YOUR INSTRUCTIONS ▸
What should come back is the data below, word for word, minus any picture.
▼▼▼
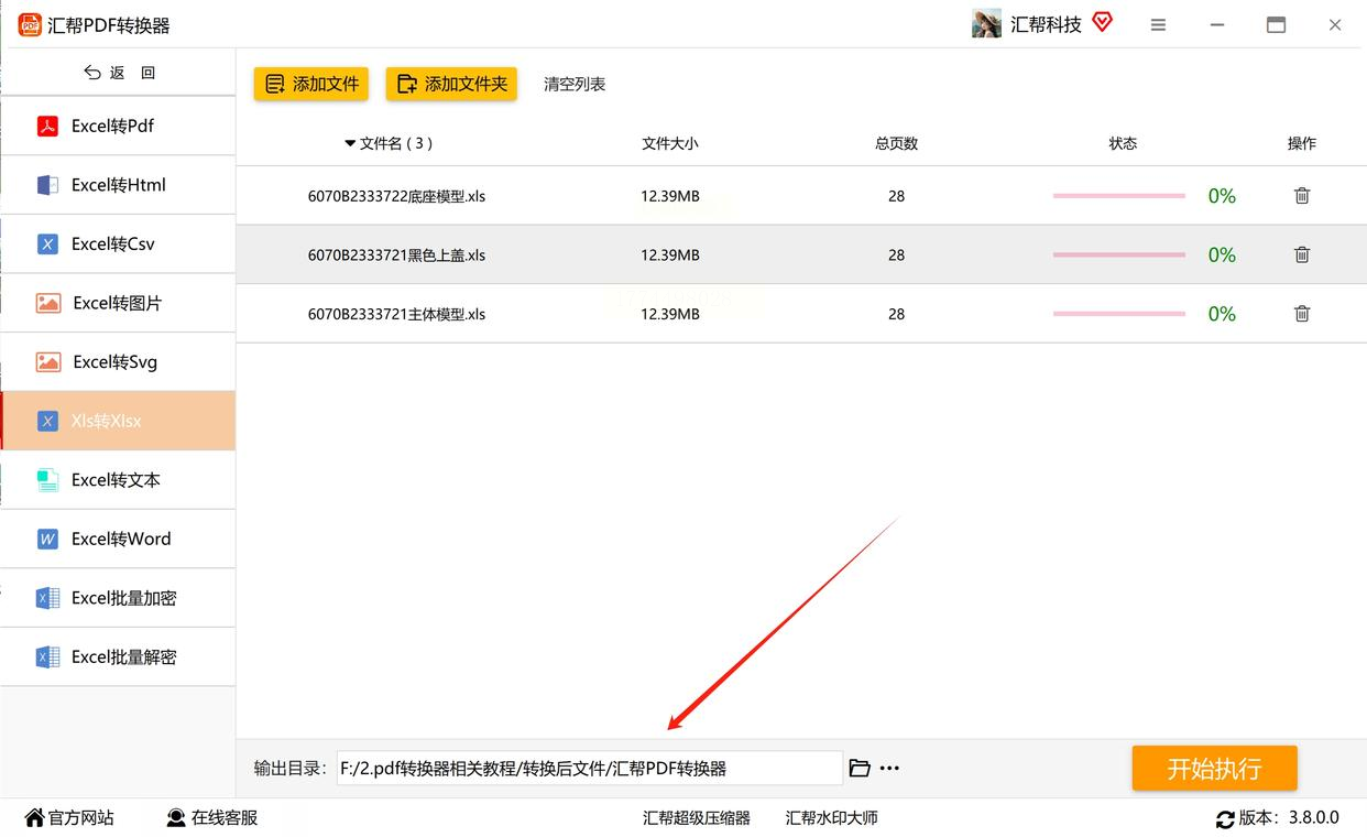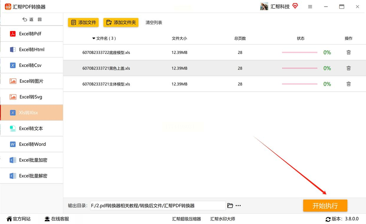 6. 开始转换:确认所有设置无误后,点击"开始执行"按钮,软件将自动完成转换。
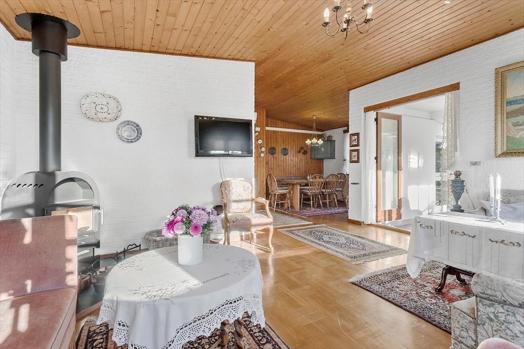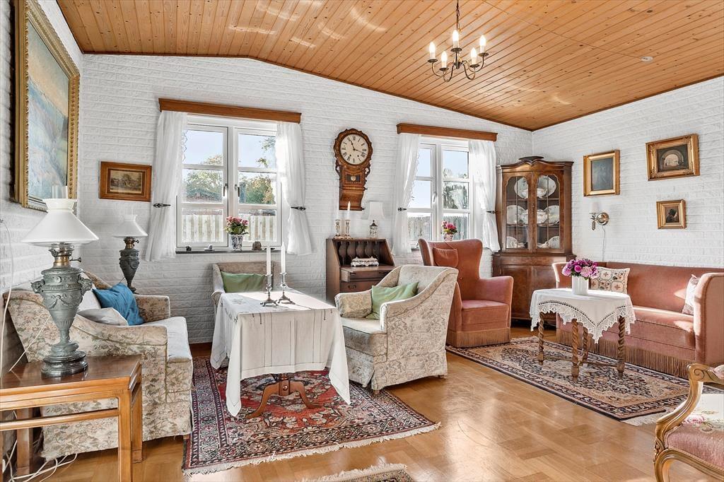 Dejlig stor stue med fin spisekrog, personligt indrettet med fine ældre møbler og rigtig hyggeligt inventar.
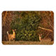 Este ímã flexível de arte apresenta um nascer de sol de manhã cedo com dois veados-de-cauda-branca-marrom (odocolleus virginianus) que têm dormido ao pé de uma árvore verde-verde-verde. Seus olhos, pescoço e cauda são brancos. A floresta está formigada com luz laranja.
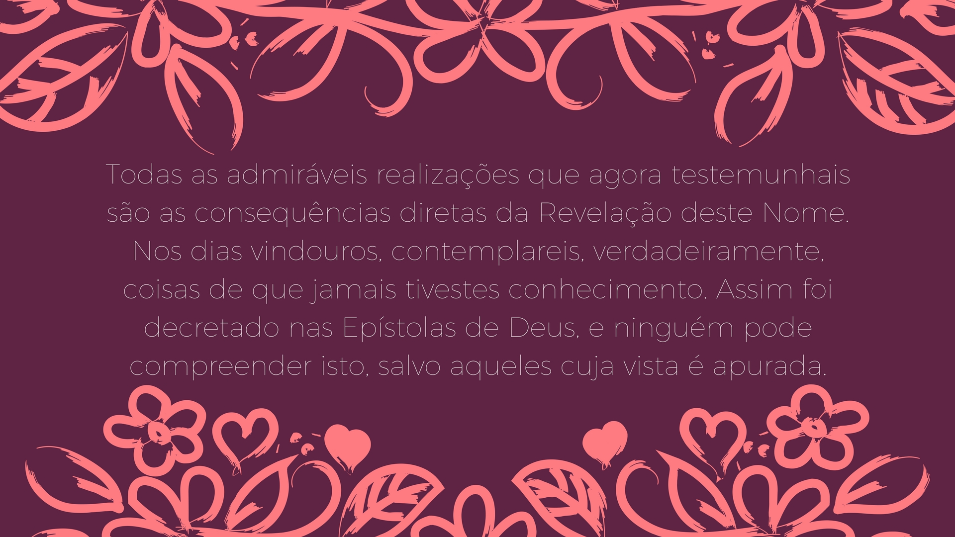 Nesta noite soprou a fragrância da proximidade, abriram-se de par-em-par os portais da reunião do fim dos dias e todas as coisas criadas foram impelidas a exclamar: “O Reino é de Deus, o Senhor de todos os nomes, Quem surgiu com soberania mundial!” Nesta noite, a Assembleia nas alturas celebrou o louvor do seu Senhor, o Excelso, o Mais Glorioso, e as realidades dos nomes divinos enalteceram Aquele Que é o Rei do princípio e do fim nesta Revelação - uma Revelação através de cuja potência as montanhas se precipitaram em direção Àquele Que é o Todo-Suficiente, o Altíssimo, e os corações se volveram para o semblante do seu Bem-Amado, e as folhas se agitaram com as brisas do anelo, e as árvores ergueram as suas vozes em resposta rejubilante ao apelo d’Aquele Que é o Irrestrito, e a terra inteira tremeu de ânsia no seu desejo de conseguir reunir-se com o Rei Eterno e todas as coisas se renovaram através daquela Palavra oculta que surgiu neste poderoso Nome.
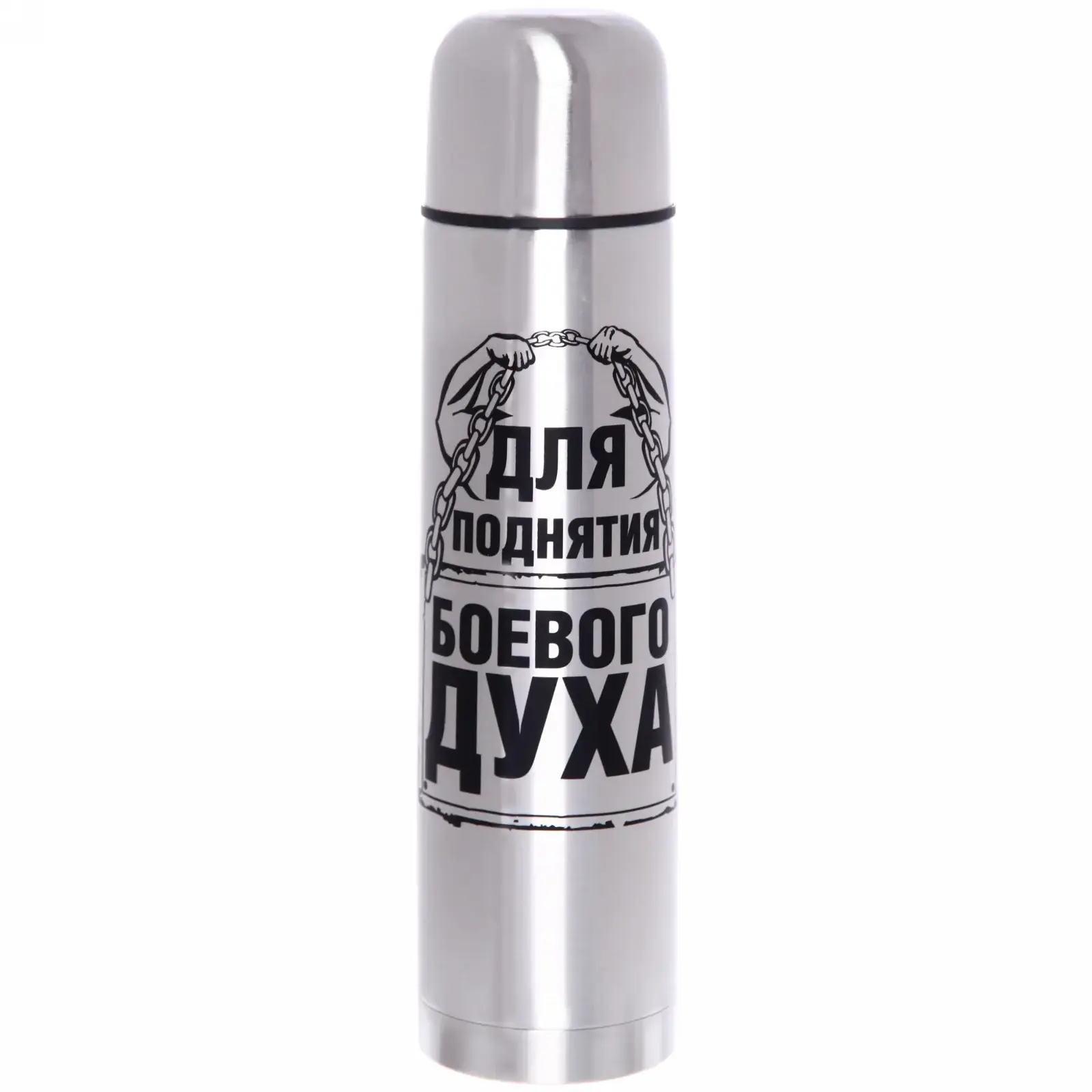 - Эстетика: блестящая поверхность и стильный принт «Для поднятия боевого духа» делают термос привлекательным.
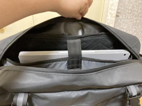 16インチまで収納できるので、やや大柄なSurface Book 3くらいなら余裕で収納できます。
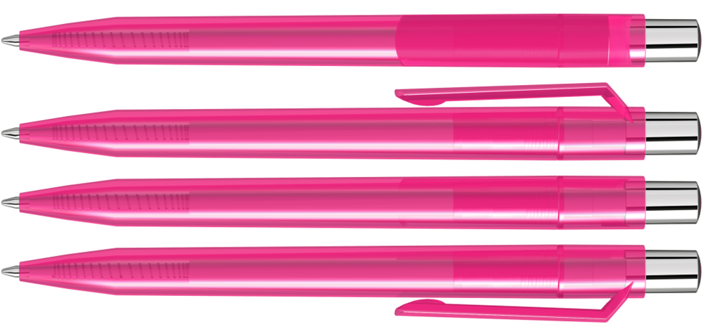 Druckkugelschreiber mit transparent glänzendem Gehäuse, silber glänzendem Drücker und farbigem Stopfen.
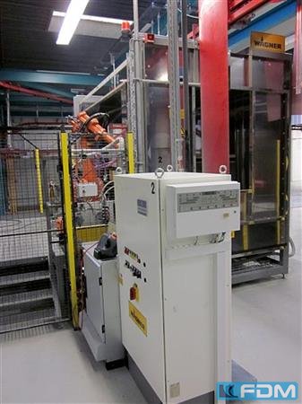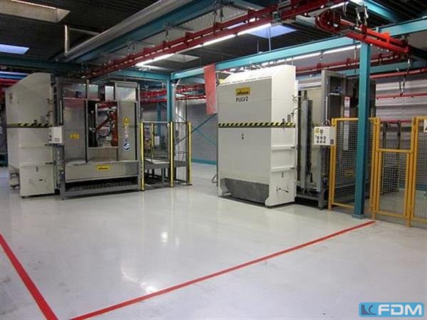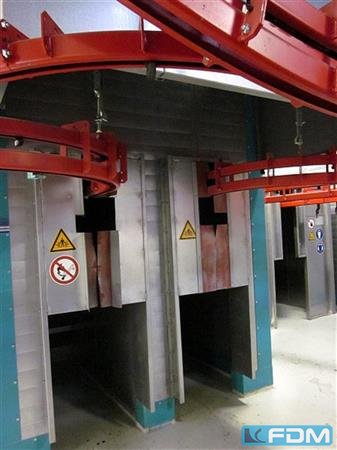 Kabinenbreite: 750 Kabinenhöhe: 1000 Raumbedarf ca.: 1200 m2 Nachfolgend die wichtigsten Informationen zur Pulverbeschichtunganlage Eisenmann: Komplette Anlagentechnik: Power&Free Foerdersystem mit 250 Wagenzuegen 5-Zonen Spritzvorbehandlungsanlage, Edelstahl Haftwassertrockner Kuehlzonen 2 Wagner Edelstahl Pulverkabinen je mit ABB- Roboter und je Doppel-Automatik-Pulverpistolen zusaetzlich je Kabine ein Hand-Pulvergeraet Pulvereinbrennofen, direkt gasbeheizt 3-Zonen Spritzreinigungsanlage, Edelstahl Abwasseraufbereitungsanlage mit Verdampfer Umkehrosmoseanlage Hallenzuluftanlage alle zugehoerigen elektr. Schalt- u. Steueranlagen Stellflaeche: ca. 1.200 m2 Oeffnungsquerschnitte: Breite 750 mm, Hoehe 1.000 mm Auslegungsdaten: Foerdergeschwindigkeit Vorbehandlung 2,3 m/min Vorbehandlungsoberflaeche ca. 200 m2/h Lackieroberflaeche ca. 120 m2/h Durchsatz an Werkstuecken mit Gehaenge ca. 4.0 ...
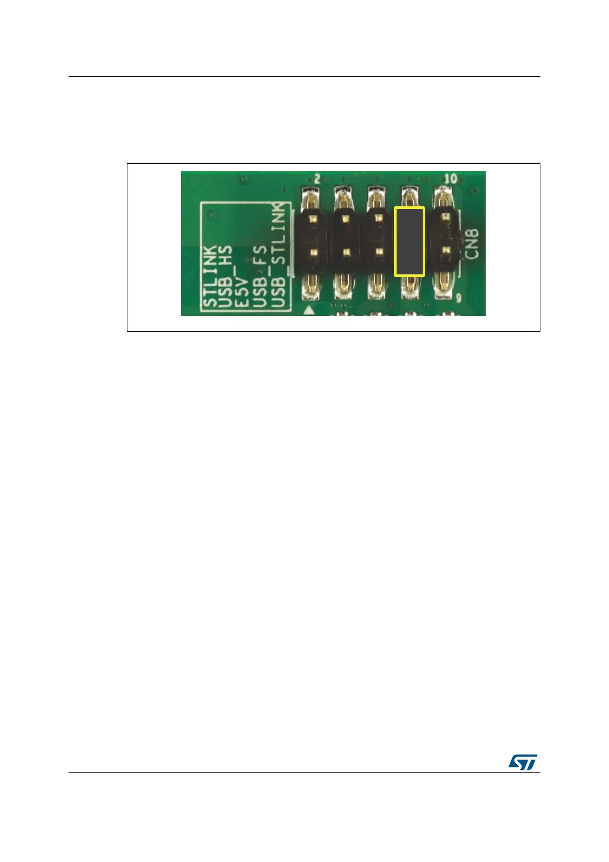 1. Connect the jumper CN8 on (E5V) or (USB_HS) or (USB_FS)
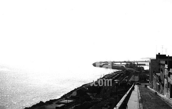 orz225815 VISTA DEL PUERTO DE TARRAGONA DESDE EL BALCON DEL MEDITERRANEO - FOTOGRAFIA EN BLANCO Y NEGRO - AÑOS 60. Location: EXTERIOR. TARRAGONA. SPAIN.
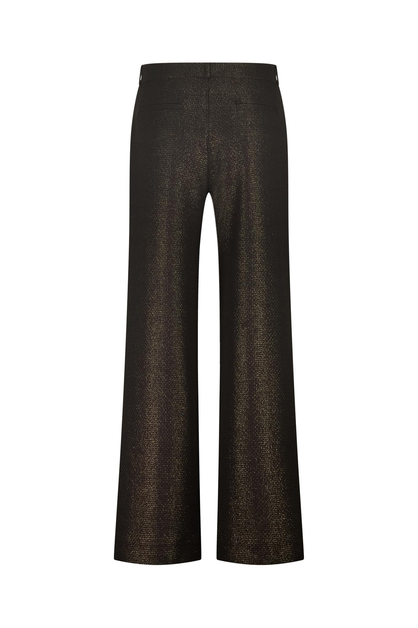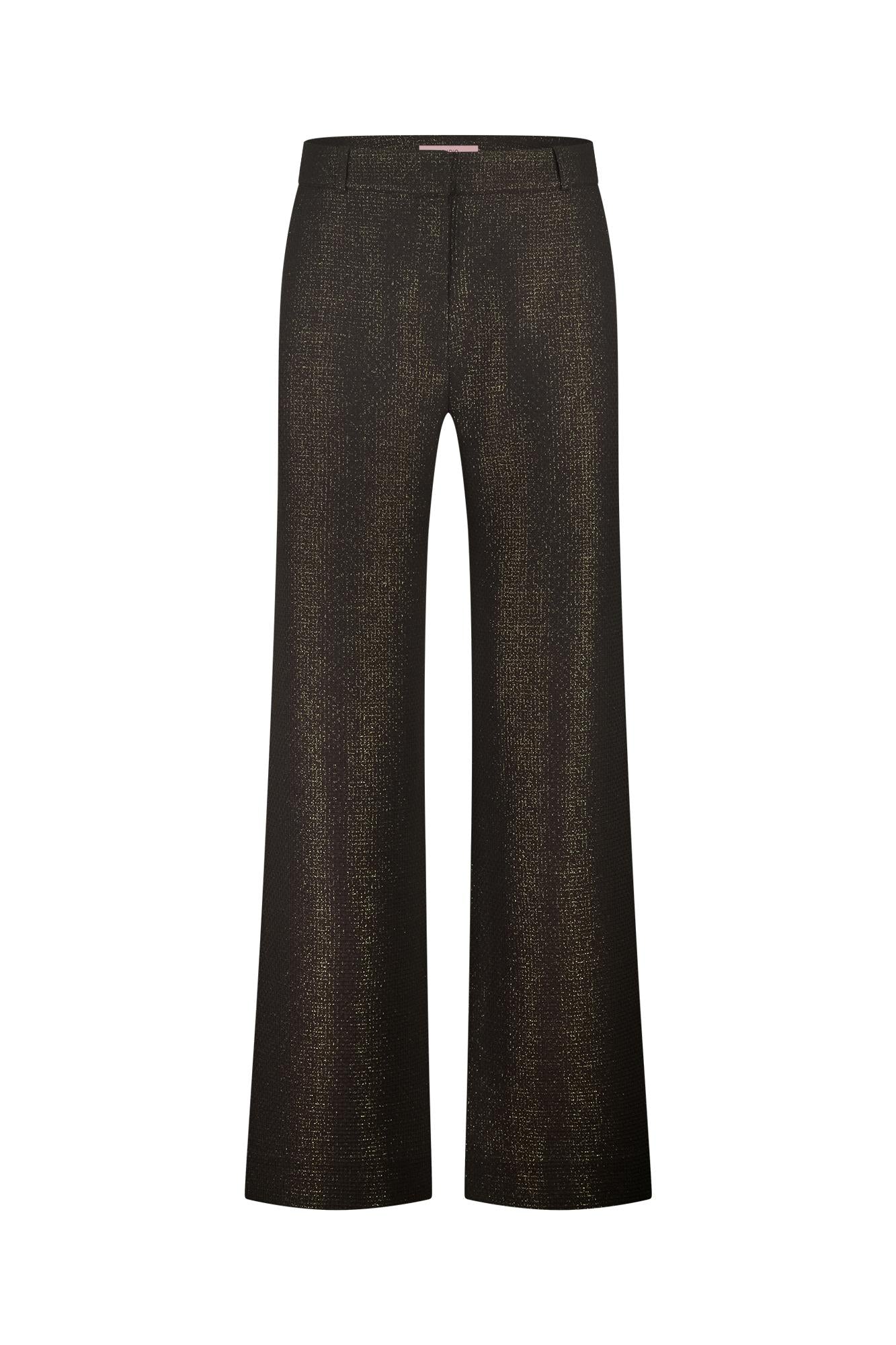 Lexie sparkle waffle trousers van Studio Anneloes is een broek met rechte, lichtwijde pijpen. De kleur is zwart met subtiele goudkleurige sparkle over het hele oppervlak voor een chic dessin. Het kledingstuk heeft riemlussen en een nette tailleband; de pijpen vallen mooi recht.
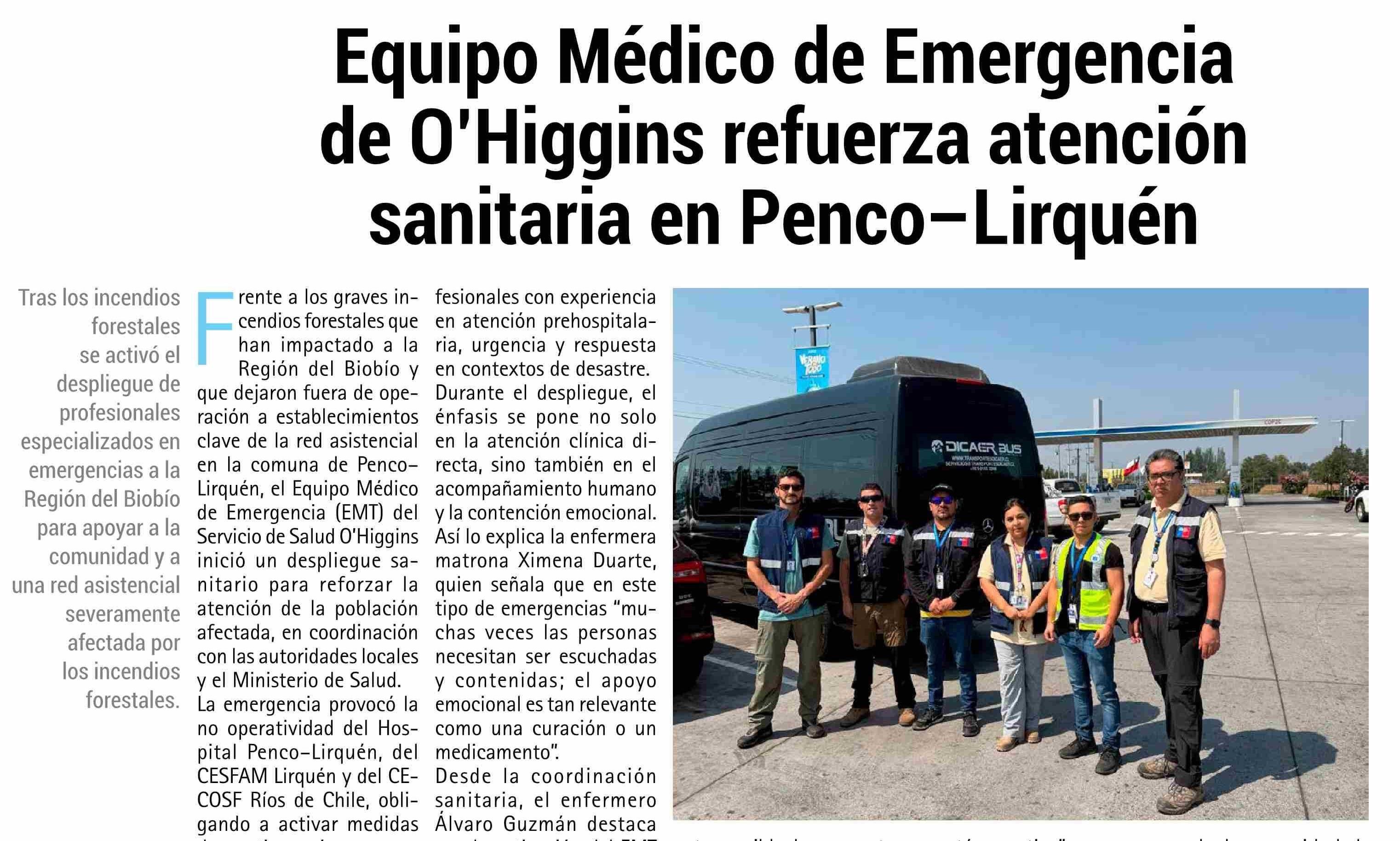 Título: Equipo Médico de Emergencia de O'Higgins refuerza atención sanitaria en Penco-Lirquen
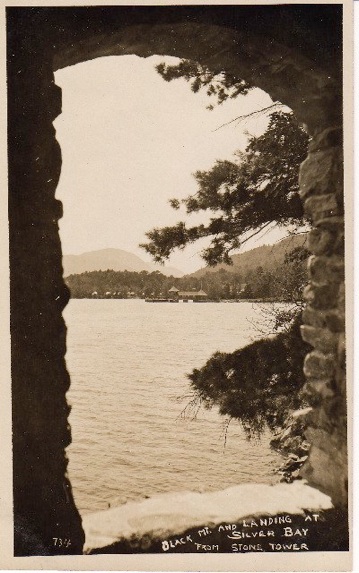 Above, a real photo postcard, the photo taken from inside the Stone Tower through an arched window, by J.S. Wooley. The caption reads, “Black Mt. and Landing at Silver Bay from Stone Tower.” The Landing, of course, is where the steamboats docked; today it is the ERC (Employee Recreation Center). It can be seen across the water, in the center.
▲▲▲
TASK SOLUTION ▸
 6. 开始转换:确认所有设置无误后,点击"开始执行"按钮,软件将自动完成转换。
 Dejlig stor stue med fin spisekrog, personligt indrettet med fine ældre møbler og rigtig hyggeligt inventar.
 Este ímã flexível de arte apresenta um nascer de sol de manhã cedo com dois veados-de-cauda-branca-marrom (odocolleus virginianus) que têm dormido ao pé de uma árvore verde-verde-verde. Seus olhos, pescoço e cauda são brancos. A floresta está formigada com luz laranja.
 Nesta noite soprou a fragrância da proximidade, abriram-se de par-em-par os portais da reunião do fim dos dias e todas as coisas criadas foram impelidas a exclamar: “O Reino é de Deus, o Senhor de todos os nomes, Quem surgiu com soberania mundial!” Nesta noite, a Assembleia nas alturas celebrou o louvor do seu Senhor, o Excelso, o Mais Glorioso, e as realidades dos nomes divinos enalteceram Aquele Que é o Rei do princípio e do fim nesta Revelação - uma Revelação através de cuja potência as montanhas se precipitaram em direção Àquele Que é o Todo-Suficiente, o Altíssimo, e os corações se volveram para o semblante do seu Bem-Amado, e as folhas se agitaram com as brisas do anelo, e as árvores ergueram as suas vozes em resposta rejubilante ao apelo d’Aquele Que é o Irrestrito, e a terra inteira tremeu de ânsia no seu desejo de conseguir reunir-se com o Rei Eterno e todas as coisas se renovaram através daquela Palavra oculta que surgiu neste poderoso Nome.
 - Эстетика: блестящая поверхность и стильный принт «Для поднятия боевого духа» делают термос привлекательным.
 16インチまで収納できるので、やや大柄なSurface Book 3くらいなら余裕で収納できます。
 Druckkugelschreiber mit transparent glänzendem Gehäuse, silber glänzendem Drücker und farbigem Stopfen.
 Kabinenbreite: 750 Kabinenhöhe: 1000 Raumbedarf ca.: 1200 m2 Nachfolgend die wichtigsten Informationen zur Pulverbeschichtunganlage Eisenmann: Komplette Anlagentechnik: Power&Free Foerdersystem mit 250 Wagenzuegen 5-Zonen Spritzvorbehandlungsanlage, Edelstahl Haftwassertrockner Kuehlzonen 2 Wagner Edelstahl Pulverkabinen je mit ABB- Roboter und je Doppel-Automatik-Pulverpistolen zusaetzlich je Kabine ein Hand-Pulvergeraet Pulvereinbrennofen, direkt gasbeheizt 3-Zonen Spritzreinigungsanlage, Edelstahl Abwasseraufbereitungsanlage mit Verdampfer Umkehrosmoseanlage Hallenzuluftanlage alle zugehoerigen elektr. Schalt- u. Steueranlagen Stellflaeche: ca. 1.200 m2 Oeffnungsquerschnitte: Breite 750 mm, Hoehe 1.000 mm Auslegungsdaten: Foerdergeschwindigkeit Vorbehandlung 2,3 m/min Vorbehandlungsoberflaeche ca. 200 m2/h Lackieroberflaeche ca. 120 m2/h Durchsatz an Werkstuecken mit Gehaenge ca. 4.0 ...
 1. Connect the jumper CN8 on (E5V) or (USB_HS) or (USB_FS)
 orz225815 VISTA DEL PUERTO DE TARRAGONA DESDE EL BALCON DEL MEDITERRANEO - FOTOGRAFIA EN BLANCO Y NEGRO - AÑOS 60. Location: EXTERIOR. TARRAGONA. SPAIN.
 Lexie sparkle waffle trousers van Studio Anneloes is een broek met rechte, lichtwijde pijpen. De kleur is zwart met subtiele goudkleurige sparkle over het hele oppervlak voor een chic dessin. Het kledingstuk heeft riemlussen en een nette tailleband; de pijpen vallen mooi recht.
 Título: Equipo Médico de Emergencia de O'Higgins refuerza atención sanitaria en Penco-Lirquen
 Above, a real photo postcard, the photo taken from inside the Stone Tower through an arched window, by J.S. Wooley. The caption reads, “Black Mt. and Landing at Silver Bay from Stone Tower.” The Landing, of course, is where the steamboats docked; today it is the ERC (Employee Recreation Center). It can be seen across the water, in the center.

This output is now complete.